WHAT YOU NEED TO DO:
Copy only what lies from the line containing "早くから楽器に親しむことで、" through the line containing "జర్నలిస్టుల గౌరవం,హక్కులు,సంక్షేమం కోసం" in the entries below, keeping both end lines exact and dropping every picture.

ENTRIES SHOWN:

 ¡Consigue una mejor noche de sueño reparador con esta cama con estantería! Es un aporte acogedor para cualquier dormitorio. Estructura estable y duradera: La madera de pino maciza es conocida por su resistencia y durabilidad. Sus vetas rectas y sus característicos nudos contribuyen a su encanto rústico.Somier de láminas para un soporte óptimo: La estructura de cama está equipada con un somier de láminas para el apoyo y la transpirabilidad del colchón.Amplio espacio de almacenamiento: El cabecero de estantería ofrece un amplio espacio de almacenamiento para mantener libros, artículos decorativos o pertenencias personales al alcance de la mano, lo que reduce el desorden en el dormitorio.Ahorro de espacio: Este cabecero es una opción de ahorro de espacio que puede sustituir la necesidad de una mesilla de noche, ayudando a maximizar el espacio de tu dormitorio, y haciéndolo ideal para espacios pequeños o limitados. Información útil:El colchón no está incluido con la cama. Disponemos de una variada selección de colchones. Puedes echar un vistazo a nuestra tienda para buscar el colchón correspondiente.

---

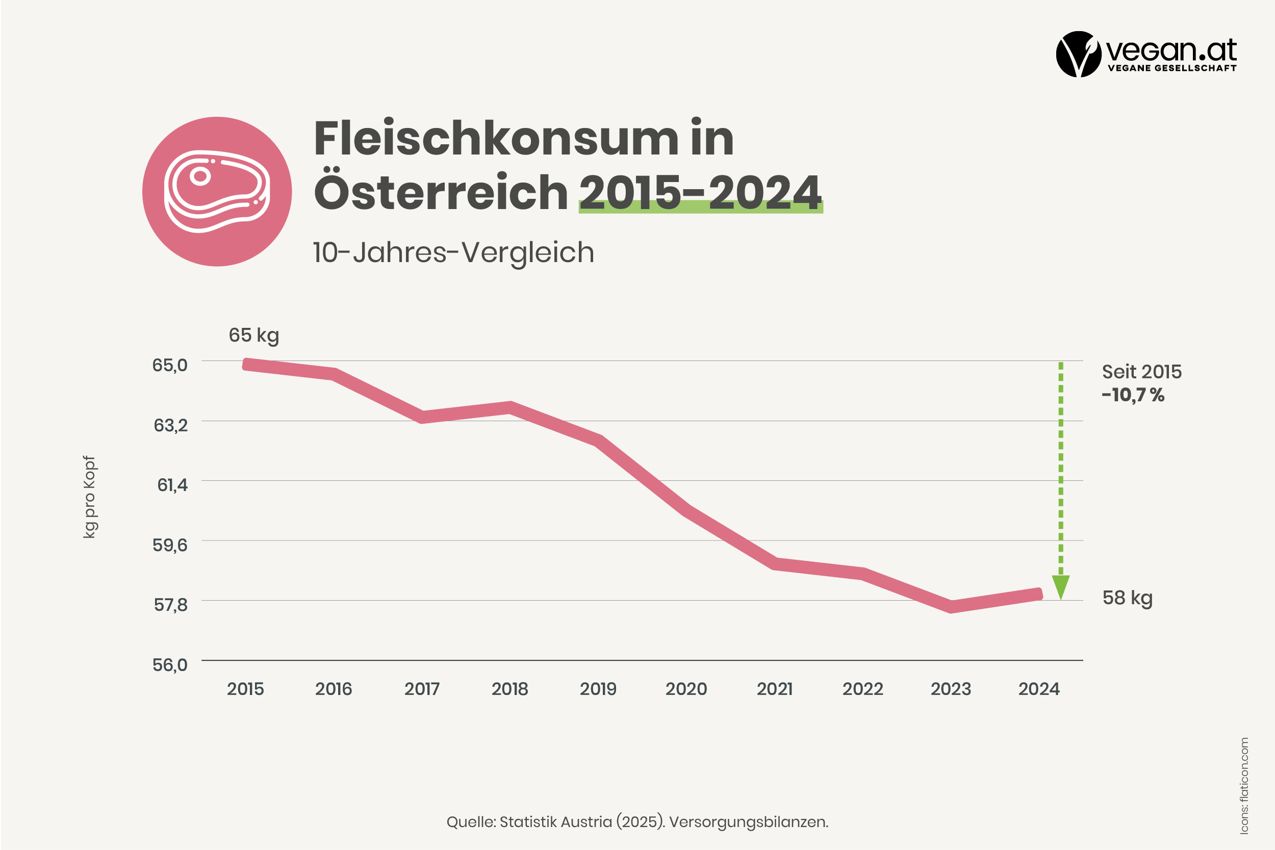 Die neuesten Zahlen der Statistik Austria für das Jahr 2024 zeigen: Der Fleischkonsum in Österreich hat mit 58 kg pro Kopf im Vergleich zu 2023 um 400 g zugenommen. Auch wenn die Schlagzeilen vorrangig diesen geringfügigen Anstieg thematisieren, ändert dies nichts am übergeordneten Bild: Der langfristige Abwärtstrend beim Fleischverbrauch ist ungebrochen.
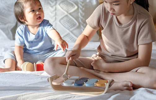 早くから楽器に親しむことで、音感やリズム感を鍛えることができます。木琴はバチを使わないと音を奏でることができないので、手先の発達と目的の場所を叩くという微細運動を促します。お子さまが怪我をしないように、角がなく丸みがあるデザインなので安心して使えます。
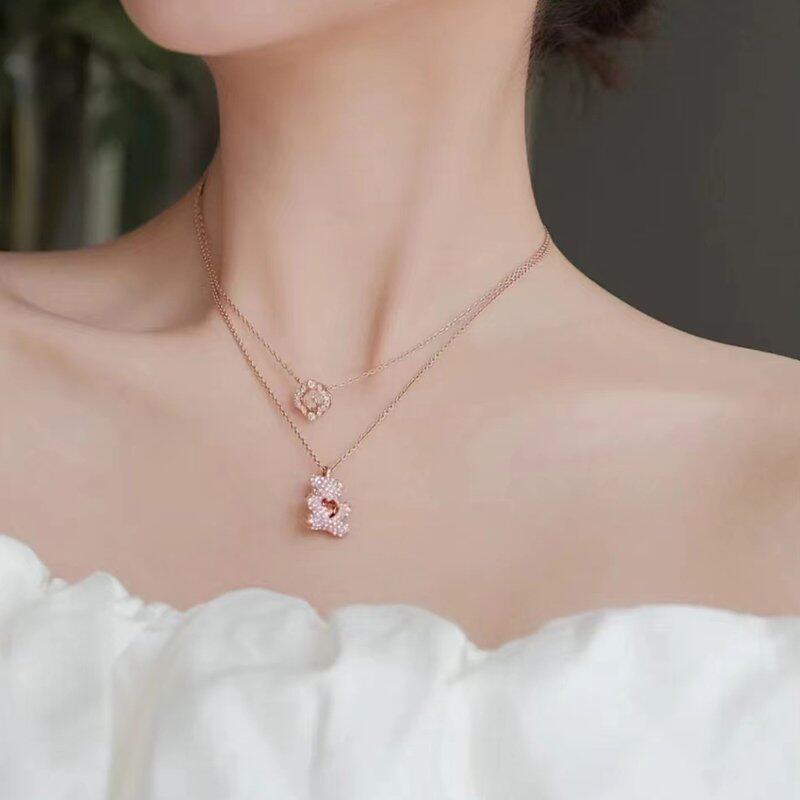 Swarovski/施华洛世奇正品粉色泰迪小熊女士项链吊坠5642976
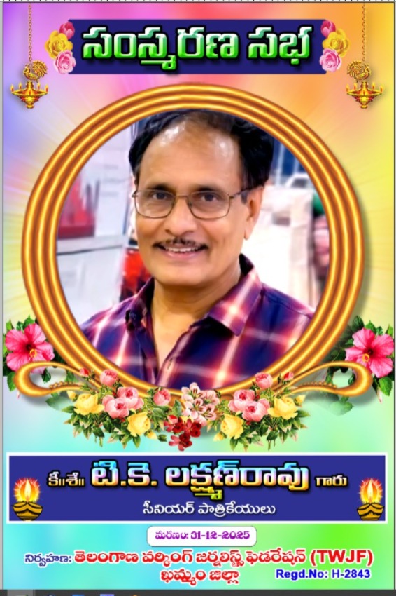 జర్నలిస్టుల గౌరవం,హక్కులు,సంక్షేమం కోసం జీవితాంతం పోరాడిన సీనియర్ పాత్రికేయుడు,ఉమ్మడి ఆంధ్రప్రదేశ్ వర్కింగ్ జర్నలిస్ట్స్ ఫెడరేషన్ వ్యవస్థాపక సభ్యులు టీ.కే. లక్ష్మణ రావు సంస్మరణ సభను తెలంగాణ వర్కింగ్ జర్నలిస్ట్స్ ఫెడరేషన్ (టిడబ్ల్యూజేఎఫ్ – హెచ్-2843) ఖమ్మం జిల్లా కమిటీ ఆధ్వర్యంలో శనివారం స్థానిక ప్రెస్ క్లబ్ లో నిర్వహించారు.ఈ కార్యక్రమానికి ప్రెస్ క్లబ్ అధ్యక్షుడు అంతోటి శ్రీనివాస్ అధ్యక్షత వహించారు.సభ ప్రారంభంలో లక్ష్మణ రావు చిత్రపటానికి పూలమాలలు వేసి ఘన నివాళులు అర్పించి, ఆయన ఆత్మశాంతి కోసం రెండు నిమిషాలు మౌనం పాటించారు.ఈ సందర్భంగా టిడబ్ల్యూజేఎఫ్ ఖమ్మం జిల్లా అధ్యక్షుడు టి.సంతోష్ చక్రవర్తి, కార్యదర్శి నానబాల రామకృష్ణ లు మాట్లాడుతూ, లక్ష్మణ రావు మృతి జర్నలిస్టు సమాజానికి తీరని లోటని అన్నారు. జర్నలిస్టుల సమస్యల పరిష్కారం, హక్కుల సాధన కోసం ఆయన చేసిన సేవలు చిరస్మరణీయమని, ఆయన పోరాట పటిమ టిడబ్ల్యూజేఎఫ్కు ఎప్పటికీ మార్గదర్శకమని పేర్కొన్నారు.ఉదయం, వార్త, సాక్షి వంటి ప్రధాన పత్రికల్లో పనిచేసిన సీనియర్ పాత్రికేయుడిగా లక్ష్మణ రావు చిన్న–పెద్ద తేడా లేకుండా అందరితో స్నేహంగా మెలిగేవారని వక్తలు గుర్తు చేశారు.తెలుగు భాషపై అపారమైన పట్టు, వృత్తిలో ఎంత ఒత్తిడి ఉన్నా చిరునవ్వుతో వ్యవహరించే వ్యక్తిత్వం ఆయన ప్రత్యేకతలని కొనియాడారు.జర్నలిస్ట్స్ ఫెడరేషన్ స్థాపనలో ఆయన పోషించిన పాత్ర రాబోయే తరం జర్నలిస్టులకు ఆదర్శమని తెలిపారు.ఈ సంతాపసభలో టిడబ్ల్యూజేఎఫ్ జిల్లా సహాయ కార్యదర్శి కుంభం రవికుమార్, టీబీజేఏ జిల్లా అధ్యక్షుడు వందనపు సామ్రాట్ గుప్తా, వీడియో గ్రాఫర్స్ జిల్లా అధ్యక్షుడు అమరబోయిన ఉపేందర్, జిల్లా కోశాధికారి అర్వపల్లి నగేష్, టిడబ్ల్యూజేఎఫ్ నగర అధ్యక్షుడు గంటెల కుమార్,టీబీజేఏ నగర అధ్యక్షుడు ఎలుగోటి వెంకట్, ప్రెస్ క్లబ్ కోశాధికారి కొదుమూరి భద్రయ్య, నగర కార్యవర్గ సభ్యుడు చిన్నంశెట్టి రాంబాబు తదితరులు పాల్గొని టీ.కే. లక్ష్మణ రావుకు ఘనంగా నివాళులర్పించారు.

* * *

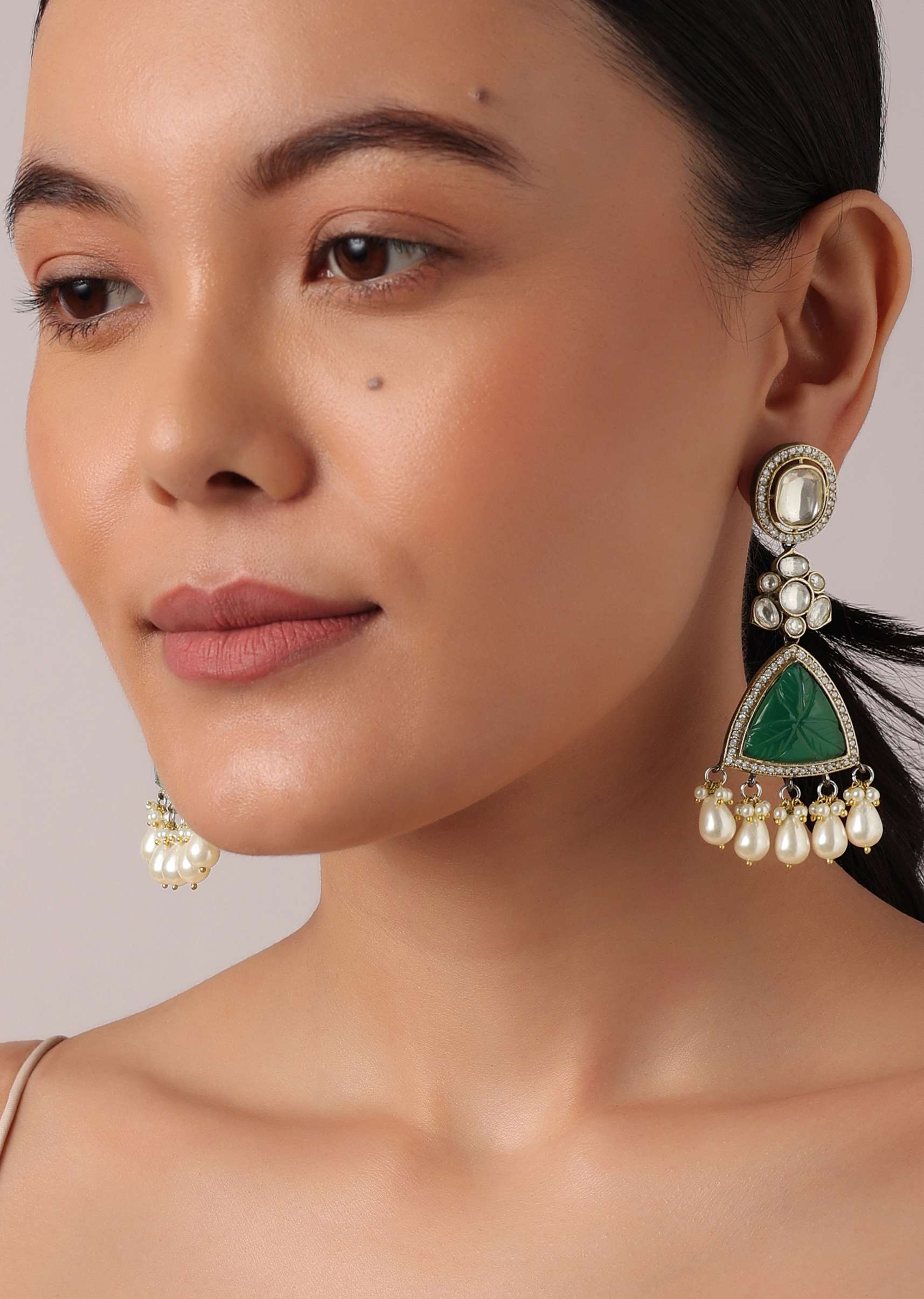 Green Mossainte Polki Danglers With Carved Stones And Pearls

PROBLEM SOLUTION:
 早くから楽器に親しむことで、音感やリズム感を鍛えることができます。木琴はバチを使わないと音を奏でることができないので、手先の発達と目的の場所を叩くという微細運動を促します。お子さまが怪我をしないように、角がなく丸みがあるデザインなので安心して使えます。
 Swarovski/施华洛世奇正品粉色泰迪小熊女士项链吊坠5642976
 జర్నలిస్టుల గౌరవం,హక్కులు,సంక్షేమం కోసం జీవితాంతం పోరాడిన సీనియర్ పాత్రికేయుడు,ఉమ్మడి ఆంధ్రప్రదేశ్ వర్కింగ్ జర్నలిస్ట్స్ ఫెడరేషన్ వ్యవస్థాపక సభ్యులు టీ.కే. లక్ష్మణ రావు సంస్మరణ సభను తెలంగాణ వర్కింగ్ జర్నలిస్ట్స్ ఫెడరేషన్ (టిడబ్ల్యూజేఎఫ్ – హెచ్-2843) ఖమ్మం జిల్లా కమిటీ ఆధ్వర్యంలో శనివారం స్థానిక ప్రెస్ క్లబ్ లో నిర్వహించారు.ఈ కార్యక్రమానికి ప్రెస్ క్లబ్ అధ్యక్షుడు అంతోటి శ్రీనివాస్ అధ్యక్షత వహించారు.సభ ప్రారంభంలో లక్ష్మణ రావు చిత్రపటానికి పూలమాలలు వేసి ఘన నివాళులు అర్పించి, ఆయన ఆత్మశాంతి కోసం రెండు నిమిషాలు మౌనం పాటించారు.ఈ సందర్భంగా టిడబ్ల్యూజేఎఫ్ ఖమ్మం జిల్లా అధ్యక్షుడు టి.సంతోష్ చక్రవర్తి, కార్యదర్శి నానబాల రామకృష్ణ లు మాట్లాడుతూ, లక్ష్మణ రావు మృతి జర్నలిస్టు సమాజానికి తీరని లోటని అన్నారు. జర్నలిస్టుల సమస్యల పరిష్కారం, హక్కుల సాధన కోసం ఆయన చేసిన సేవలు చిరస్మరణీయమని, ఆయన పోరాట పటిమ టిడబ్ల్యూజేఎఫ్కు ఎప్పటికీ మార్గదర్శకమని పేర్కొన్నారు.ఉదయం, వార్త, సాక్షి వంటి ప్రధాన పత్రికల్లో పనిచేసిన సీనియర్ పాత్రికేయుడిగా లక్ష్మణ రావు చిన్న–పెద్ద తేడా లేకుండా అందరితో స్నేహంగా మెలిగేవారని వక్తలు గుర్తు చేశారు.తెలుగు భాషపై అపారమైన పట్టు, వృత్తిలో ఎంత ఒత్తిడి ఉన్నా చిరునవ్వుతో వ్యవహరించే వ్యక్తిత్వం ఆయన ప్రత్యేకతలని కొనియాడారు.జర్నలిస్ట్స్ ఫెడరేషన్ స్థాపనలో ఆయన పోషించిన పాత్ర రాబోయే తరం జర్నలిస్టులకు ఆదర్శమని తెలిపారు.ఈ సంతాపసభలో టిడబ్ల్యూజేఎఫ్ జిల్లా సహాయ కార్యదర్శి కుంభం రవికుమార్, టీబీజేఏ జిల్లా అధ్యక్షుడు వందనపు సామ్రాట్ గుప్తా, వీడియో గ్రాఫర్స్ జిల్లా అధ్యక్షుడు అమరబోయిన ఉపేందర్, జిల్లా కోశాధికారి అర్వపల్లి నగేష్, టిడబ్ల్యూజేఎఫ్ నగర అధ్యక్షుడు గంటెల కుమార్,టీబీజేఏ నగర అధ్యక్షుడు ఎలుగోటి వెంకట్, ప్రెస్ క్లబ్ కోశాధికారి కొదుమూరి భద్రయ్య, నగర కార్యవర్గ సభ్యుడు చిన్నంశెట్టి రాంబాబు తదితరులు పాల్గొని టీ.కే. లక్ష్మణ రావుకు ఘనంగా నివాళులర్పించారు.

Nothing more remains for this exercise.